# [PROBLEM TO WORK ON]
Line by line, copy the records below exactly and leave the pictures out.

-------- EXERCISE DATA --------

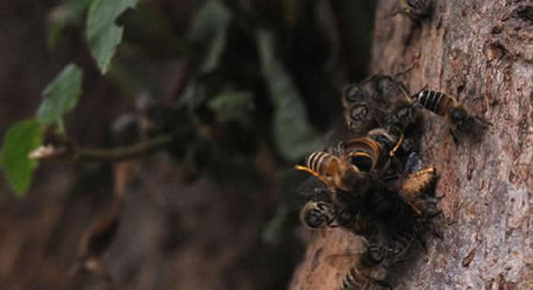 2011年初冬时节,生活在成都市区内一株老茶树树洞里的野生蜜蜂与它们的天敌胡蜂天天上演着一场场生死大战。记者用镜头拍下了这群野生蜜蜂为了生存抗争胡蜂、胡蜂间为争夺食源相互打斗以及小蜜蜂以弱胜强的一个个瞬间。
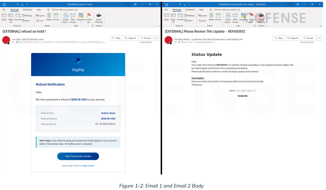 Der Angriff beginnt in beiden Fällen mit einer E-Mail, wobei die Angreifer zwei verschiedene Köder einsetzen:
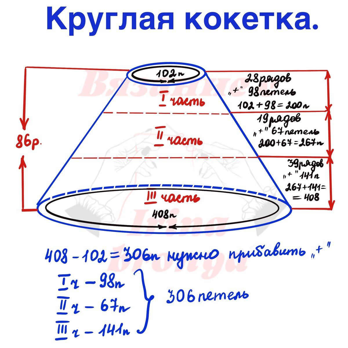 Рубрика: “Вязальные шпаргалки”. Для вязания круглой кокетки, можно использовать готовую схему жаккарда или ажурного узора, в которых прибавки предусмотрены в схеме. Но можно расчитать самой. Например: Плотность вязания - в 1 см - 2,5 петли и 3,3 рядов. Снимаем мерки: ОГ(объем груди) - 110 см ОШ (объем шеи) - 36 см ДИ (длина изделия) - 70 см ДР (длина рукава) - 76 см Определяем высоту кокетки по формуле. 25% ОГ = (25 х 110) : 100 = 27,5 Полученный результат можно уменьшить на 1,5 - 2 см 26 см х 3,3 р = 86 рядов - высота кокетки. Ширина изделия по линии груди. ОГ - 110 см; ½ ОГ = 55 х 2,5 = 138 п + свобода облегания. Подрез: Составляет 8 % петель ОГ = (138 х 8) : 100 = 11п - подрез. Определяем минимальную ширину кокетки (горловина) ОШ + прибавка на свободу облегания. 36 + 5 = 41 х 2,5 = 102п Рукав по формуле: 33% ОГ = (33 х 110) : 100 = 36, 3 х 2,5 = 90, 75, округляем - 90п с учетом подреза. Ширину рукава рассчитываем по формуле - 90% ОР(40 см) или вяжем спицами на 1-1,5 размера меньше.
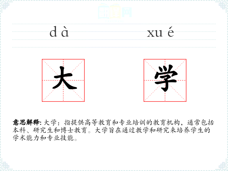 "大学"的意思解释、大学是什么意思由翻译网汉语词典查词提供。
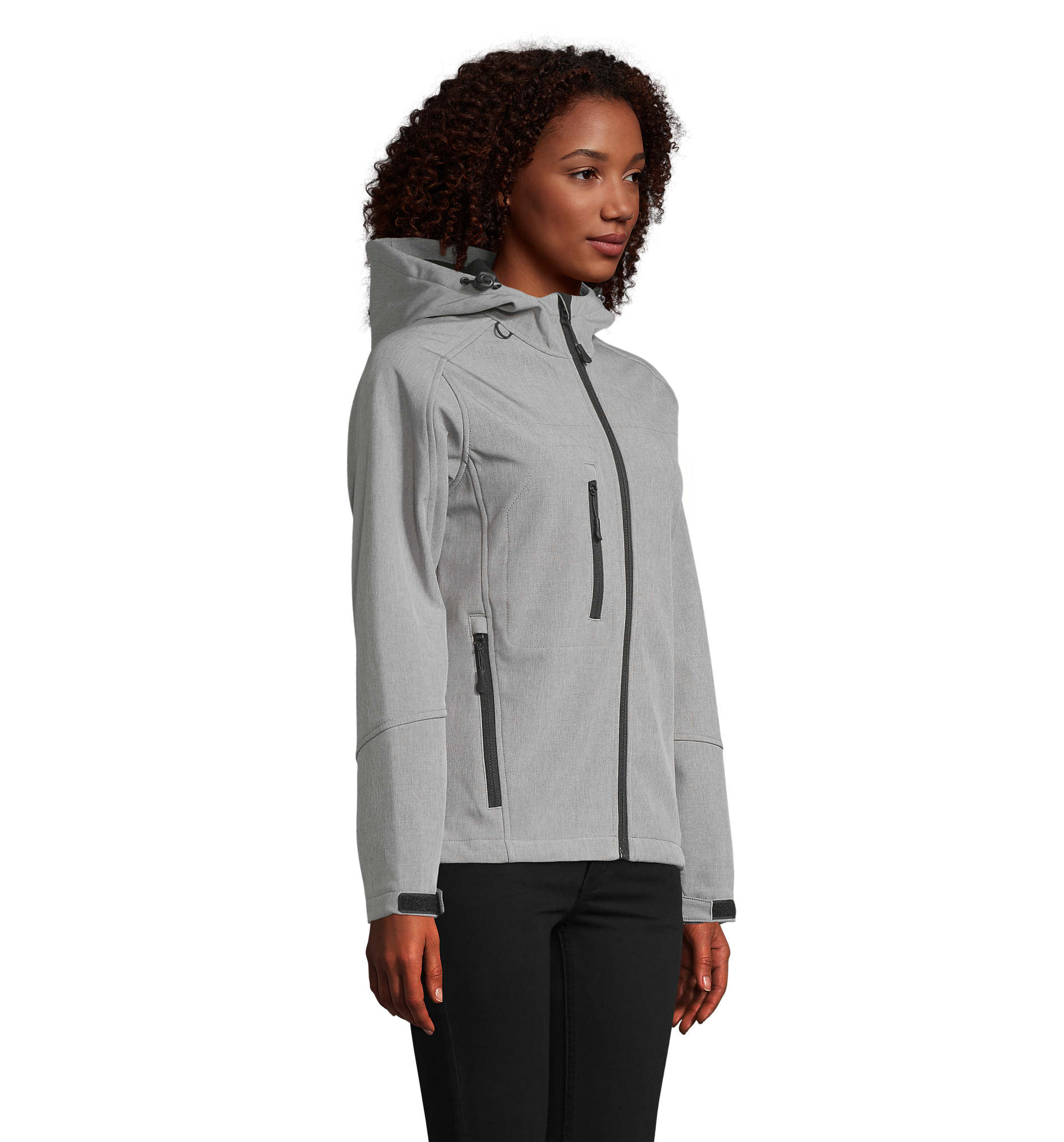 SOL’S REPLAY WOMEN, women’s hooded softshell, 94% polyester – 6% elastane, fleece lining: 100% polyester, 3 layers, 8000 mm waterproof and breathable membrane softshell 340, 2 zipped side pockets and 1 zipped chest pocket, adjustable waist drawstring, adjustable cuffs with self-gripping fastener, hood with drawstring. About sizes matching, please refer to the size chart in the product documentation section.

--------

# [SOLUTION]
 2011年初冬时节,生活在成都市区内一株老茶树树洞里的野生蜜蜂与它们的天敌胡蜂天天上演着一场场生死大战。记者用镜头拍下了这群野生蜜蜂为了生存抗争胡蜂、胡蜂间为争夺食源相互打斗以及小蜜蜂以弱胜强的一个个瞬间。
 Der Angriff beginnt in beiden Fällen mit einer E-Mail, wobei die Angreifer zwei verschiedene Köder einsetzen:
 Рубрика: “Вязальные шпаргалки”. Для вязания круглой кокетки, можно использовать готовую схему жаккарда или ажурного узора, в которых прибавки предусмотрены в схеме. Но можно расчитать самой. Например: Плотность вязания - в 1 см - 2,5 петли и 3,3 рядов. Снимаем мерки: ОГ(объем груди) - 110 см ОШ (объем шеи) - 36 см ДИ (длина изделия) - 70 см ДР (длина рукава) - 76 см Определяем высоту кокетки по формуле. 25% ОГ = (25 х 110) : 100 = 27,5 Полученный результат можно уменьшить на 1,5 - 2 см 26 см х 3,3 р = 86 рядов - высота кокетки. Ширина изделия по линии груди. ОГ - 110 см; ½ ОГ = 55 х 2,5 = 138 п + свобода облегания. Подрез: Составляет 8 % петель ОГ = (138 х 8) : 100 = 11п - подрез. Определяем минимальную ширину кокетки (горловина) ОШ + прибавка на свободу облегания. 36 + 5 = 41 х 2,5 = 102п Рукав по формуле: 33% ОГ = (33 х 110) : 100 = 36, 3 х 2,5 = 90, 75, округляем - 90п с учетом подреза. Ширину рукава рассчитываем по формуле - 90% ОР(40 см) или вяжем спицами на 1-1,5 размера меньше.
 "大学"的意思解释、大学是什么意思由翻译网汉语词典查词提供。
 SOL’S REPLAY WOMEN, women’s hooded softshell, 94% polyester – 6% elastane, fleece lining: 100% polyester, 3 layers, 8000 mm waterproof and breathable membrane softshell 340, 2 zipped side pockets and 1 zipped chest pocket, adjustable waist drawstring, adjustable cuffs with self-gripping fastener, hood with drawstring. About sizes matching, please refer to the size chart in the product documentation section.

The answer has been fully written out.